A kinetic theory of nonanalog Monte Carlo methods for penetrating radiation.

Abstract

A new Monte Carlo Boltzmann (MCB) equation is proposed to describe the behavior of nonanalog Monte Carlo particle transport simulations. The MCB equation has weight as one of its independent variables and describes the transport processes of the particles governed by a set of rules for the transition of space, velocity, and weight. For simulations of transmission current utilizing the exponential transform with angular biasing and a last event estimator, the weight moments of the solution of the MCB equation predict the score moments. The spatial and angle integration of the zeroth weight moment predicts the mean number of flights per history.
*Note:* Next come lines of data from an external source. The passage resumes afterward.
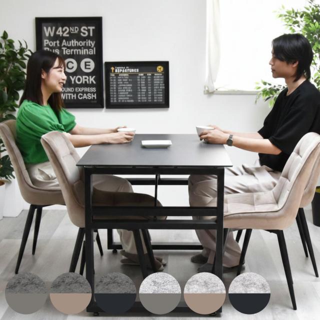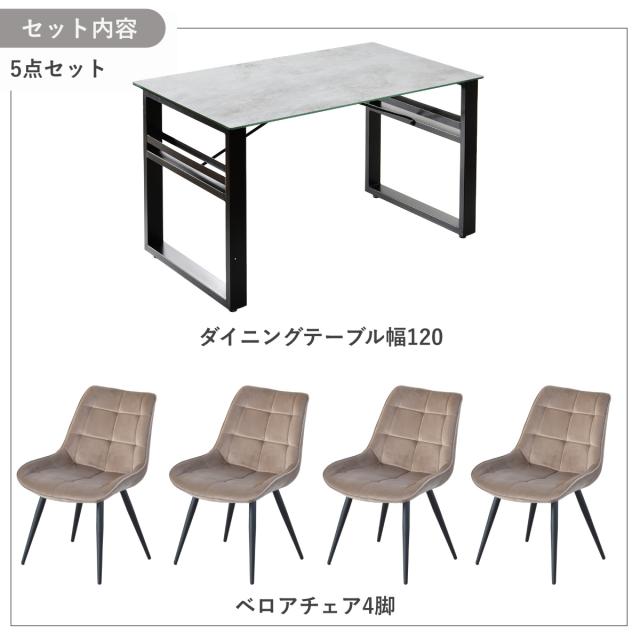 ダイニングテーブル&チェア 5点セット 幅120cm セラミック天板 ベロアチェア ( ダイニングセット テーブル 食卓テーブル 4人掛け ダイニングチェア 収納付き 長方形 食卓机 石目天板 小物 調味料 収納 配線 熱 傷 強い デスク )
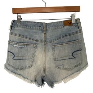 American Eagle Hi Rise Festival Boho Denim Cut Off Frayed Shorts Blue 4
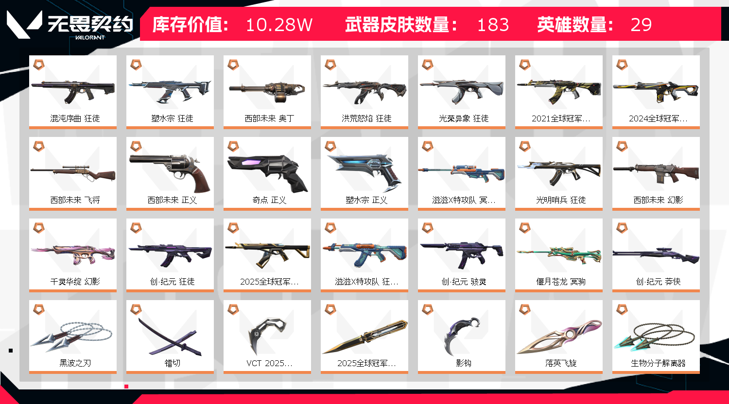 首页 > 租号大厅 > 无畏契约-wegame > wegame/wegame > 10w大库存21冠军22冠军套西部套掠影套
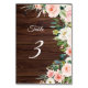 Tarjeta De Mesa Elegante Rubor Flores rosas Madera Rústica

Therefore, one can predict the efficiency of the simulations by calculating the figure of merit using the MCB equation. Simulations of transmission current utilizing geometric splitting and a last event estimator are also analyzed. The MCB equation can be also used to predict the mean number of various events. Its adjoint equation is formulated to predict the score moments. Simulations of a source-detector problem utilizing a track length estimator are analyzed. The adjoint integro-differential equation is directly formulated to predict the score moments. The ratio of the relative error of sample variance to the relative error of sample mean is investigated for various scattering ratios and source-detector distances. Numerical results are presented to validate the above theory.